Directions for this task: Begin at the line containing "Parlak yüzeye sahip, koyu" in the data below and go on through the line containing "Balení a kvalita", repeating each line exactly; include both ends and no other line.

Records supplied:

((

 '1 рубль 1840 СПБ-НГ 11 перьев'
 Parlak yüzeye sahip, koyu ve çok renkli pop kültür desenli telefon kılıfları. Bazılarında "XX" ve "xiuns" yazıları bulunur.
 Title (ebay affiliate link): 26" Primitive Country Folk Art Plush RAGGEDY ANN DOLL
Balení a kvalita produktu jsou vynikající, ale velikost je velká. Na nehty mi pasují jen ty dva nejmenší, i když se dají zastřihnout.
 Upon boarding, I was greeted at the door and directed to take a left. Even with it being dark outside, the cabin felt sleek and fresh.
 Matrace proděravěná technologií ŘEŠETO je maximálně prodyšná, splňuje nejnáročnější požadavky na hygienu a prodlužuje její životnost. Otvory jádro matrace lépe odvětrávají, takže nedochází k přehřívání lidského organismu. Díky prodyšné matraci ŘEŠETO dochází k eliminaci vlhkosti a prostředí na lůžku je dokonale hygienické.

))
((

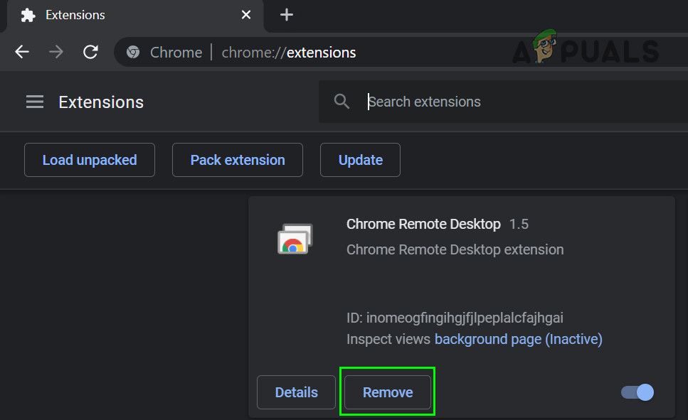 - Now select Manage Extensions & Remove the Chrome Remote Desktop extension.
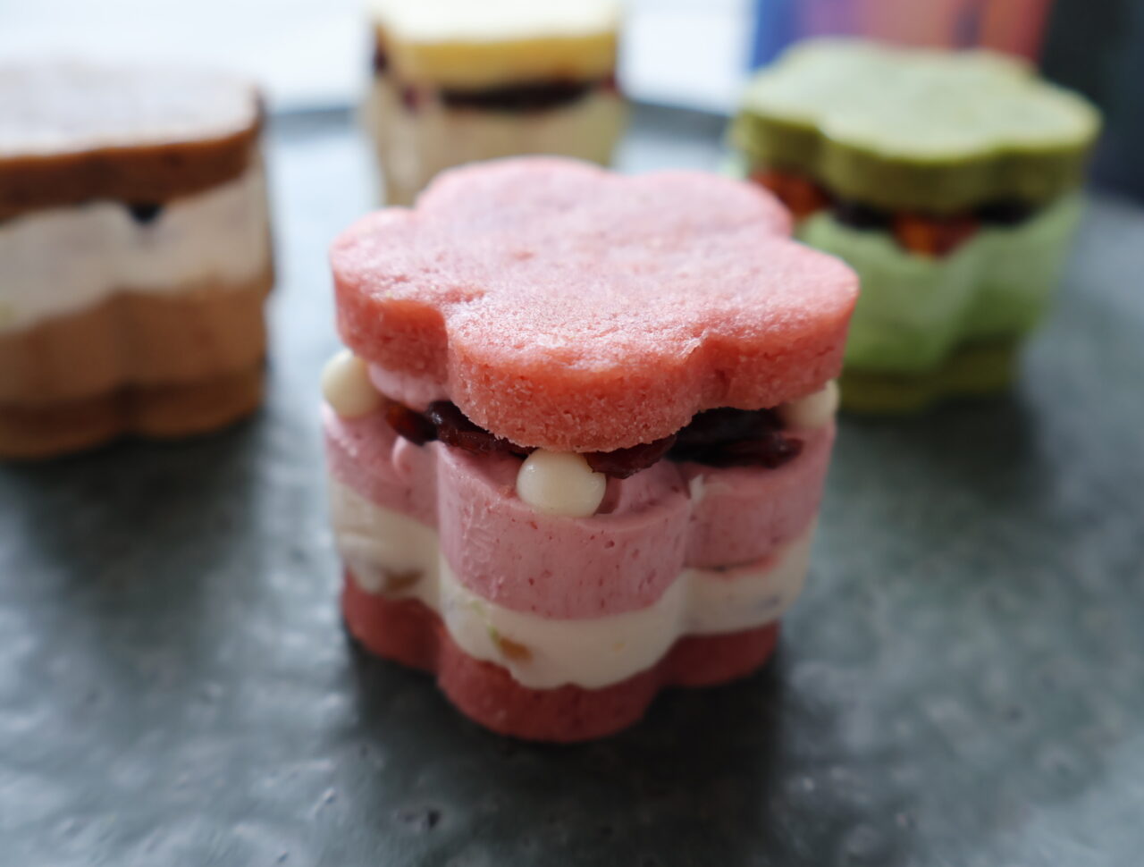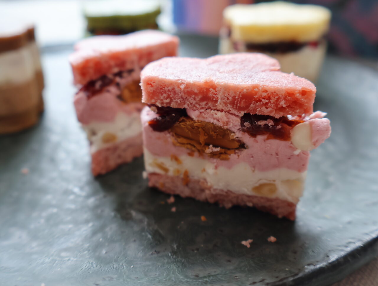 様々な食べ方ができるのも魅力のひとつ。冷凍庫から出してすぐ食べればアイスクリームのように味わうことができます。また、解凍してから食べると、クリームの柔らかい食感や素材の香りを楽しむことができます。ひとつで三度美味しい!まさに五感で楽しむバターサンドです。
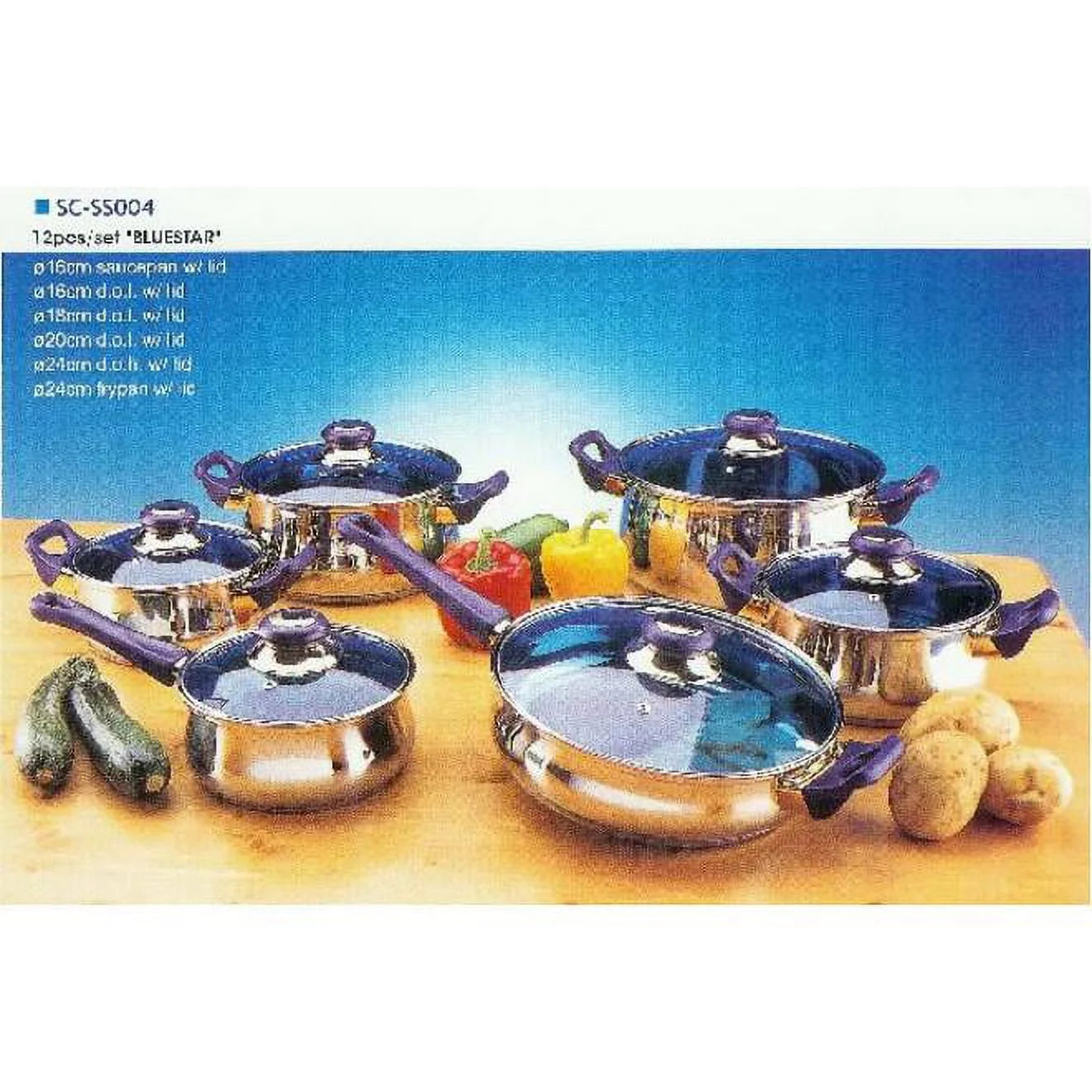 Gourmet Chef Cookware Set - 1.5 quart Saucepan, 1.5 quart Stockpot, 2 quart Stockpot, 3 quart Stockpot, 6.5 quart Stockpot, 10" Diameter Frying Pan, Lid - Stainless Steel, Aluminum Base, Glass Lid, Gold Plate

))

Answer for the task:
 Parlak yüzeye sahip, koyu ve çok renkli pop kültür desenli telefon kılıfları. Bazılarında "XX" ve "xiuns" yazıları bulunur.
 Title (ebay affiliate link): 26" Primitive Country Folk Art Plush RAGGEDY ANN DOLL
Balení a kvalita produktu jsou vynikající, ale velikost je velká. Na nehty mi pasují jen ty dva nejmenší, i když se dají zastřihnout.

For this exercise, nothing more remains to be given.